Run a tiny libtorch demo inside container nvcr.io/nvidia/l4t-ml:r35.2.1-py3 on jetson orin, it will spend about 50s on JIT.
But I expect all the libtorch libraries in this container have sm_87 device code, and jetson orin’s compute capability is 8.7, so I shouldn’t need JIT.
Is my expectation incorrect? And how can I find what libraries lack sm_87 code?
Demo code:
#include <torch/torch.h>
#include <cuda_runtime_api.h>
#define CUDA_CHECK(call) \
{ \
cudaError_t _e = (call); \
if (_e != cudaSuccess) { \
LOG(FATAL) << "CUDA Runtime failure: '#" << cudaGetErrorName(_e) << "' at " << __FILE__ \
<< ":" << __LINE__; \
} \
}
int main() {
float data[64*28*28] = {};
torch::Tensor input_tensor = torch::from_blob(data, {7, 1, 28, 28}, torch::kFloat).to(torch::kCUDA);
CUDA_CHECK(cudaPeekAtLastError());
}
Additional information.
- Run with CUDA_DISABLE_PTX_JIT=1, the program crashed due to cudaErrorJitCompilationDisabled, so it need JIT indeed.

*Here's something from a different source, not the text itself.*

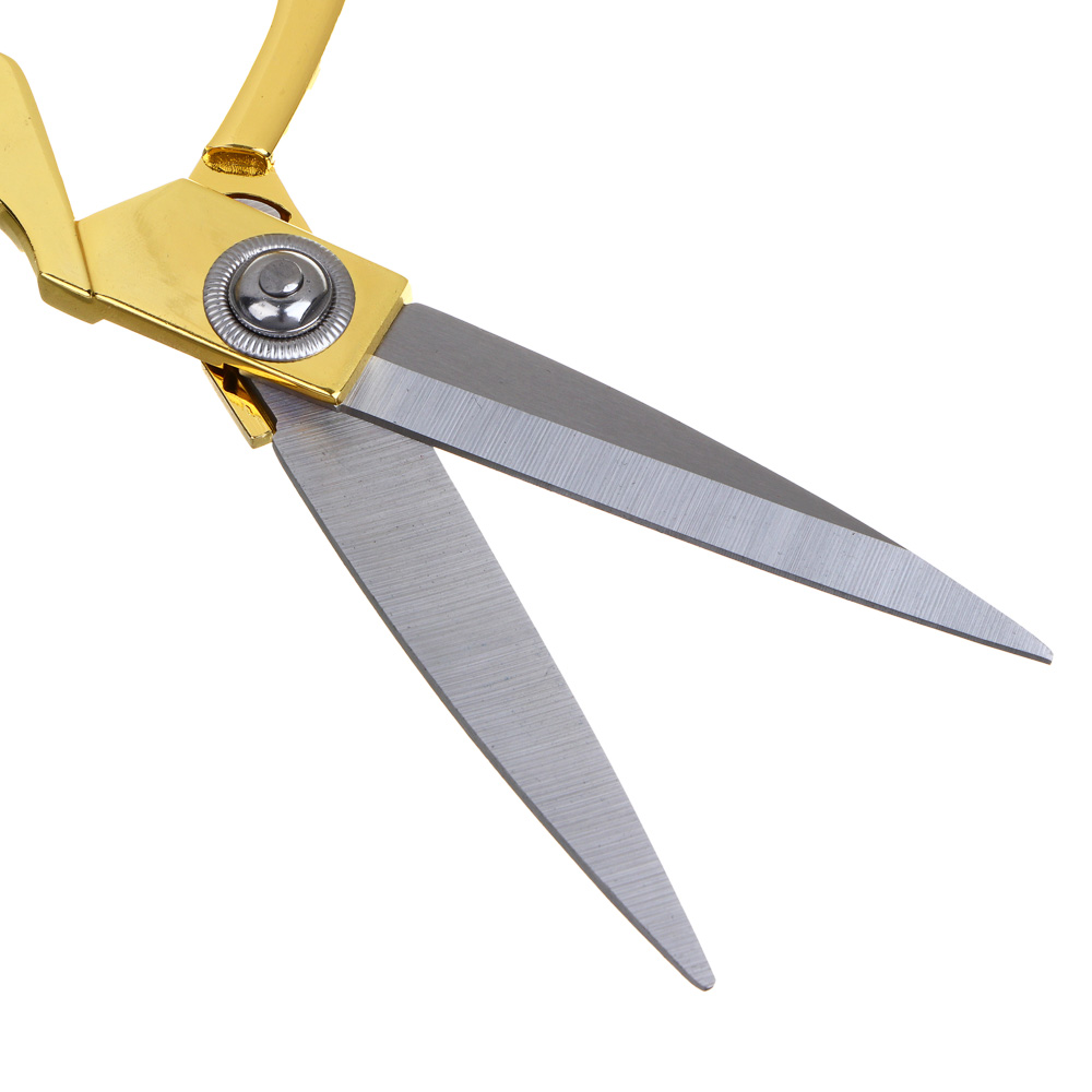 Ножницы портновские GALANTE 20,4 см, цвет золотой. Раскрой тканей требует особого подхода – прежде всего швея должна обзавестись удобными принадлежностями для своей работы. Профессиональные закройные ножницы позаботятся об удобном и аккуратном разрезании ткани и станут вашими верными помощниками в процессе шитья. Во время использования этих ножниц можно добиться минимального поднятия ткани, что обеспечивает ровный срез. Кроме того кольца ножниц различаются по размеру – такая особенность в конструкции позволяет не напрягать запястье по время раскроя.

- Use image nvcr.io/nvidia/pytorch:22.12 on platform x64 + RTX 3080, the demo works well and ~/.nv/ComputeCache/ is empty, so the problem may be related to jetson orin.
- I tried to find the problematic library by running cuobjdump -lelf libtorch_cuda.so, it show 1224 cubin info, and 284 of them are sm_87, I don’t know to analysis it, so I gave up.